Van has finished reading…Vigilante by Shelley Harris

31 Mar

Shelley Harris’s Vigilante is a deeply serious book masquerading as entertainment. There’s rich humour in there, genuinely funny moments as well as those which will prompt a wry smile from anyone who has pondered their self-image even a little bit, or found themselves staving off life’s drudgery with a flight of fancy. It’s the seriousness that lingers after the last page though. It’s those crushing moments that are a mix of fear and rage and relief and sadness that bring tears to the eyes. Whether it’s your own kids or those of friends and relatives, whether it’s loved ones that you think of the response is unavoidable: fear that it could happen to them; rage that it might; relief that this is fiction; sadness that we live in a world where this possibility exists. And it’s between that rage and that sadness that the Vigilante lurks in each of us. It’s a credit to the pace of Harris’s prose and the veracity of her characterisation that I really wanted to hurt him, that I was right there in the midst towards the end of the book, and that I felt genuinely angry for a good hour after finishing it. Because we all know someone…

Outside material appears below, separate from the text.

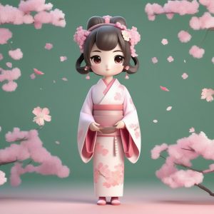 AI art prompt English:A Minimalist Chibi Kawaii Clay Figurine: Musical Girl with Umbrella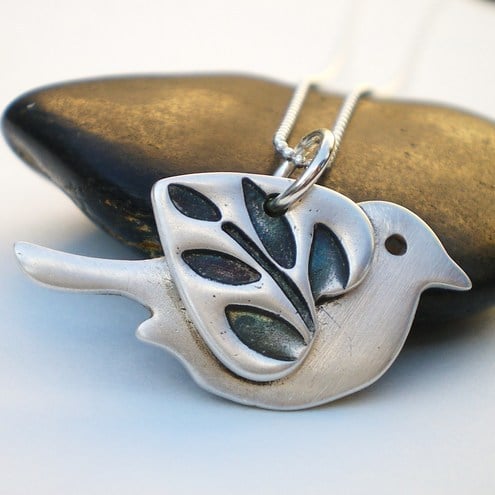 Bigger than my other tiny birds, he measures 3.5cm (1 1/2 inches) from beak to tail and 2cm across his tummy. His heart wing is textured with a really delicate leaf pattern. The pattern has been oxidised to create a dark patina, which I've protected with jeweller's lacquer.

Vigilante is a thoroughly believable book, nothing out of place, nothing extraordinary in the representation. I particularly liked the rendering of the Hero’s (yes, let’s not beat around the bush with a meagre ‘protagonist’) moments of conflict. If you’ve ever practised martial arts, either for self-defence or as a sport, you know how little they can actually protect you. Hollywood miss-sells combat so enormously these days (compare the old musketeers films, circa Finlay, Reid and York with anything recent involving swords and it’s ludicrous – everyone’s born a ninja now) but for it to be effective in a situation it needs to be so entrenched in the muscle memory it needs to have been there for years because it has to get past that debilitating flash of fear that blitzes every sense you have. Or you need to be lucky. It was Judo with me and I did do it for years but I’d been running longer so that usually took precedence. I was lucky once (and my God did I feel alive afterwards!) That said, I’d sign up for Mac’s one-to-one training any day, shouting and all.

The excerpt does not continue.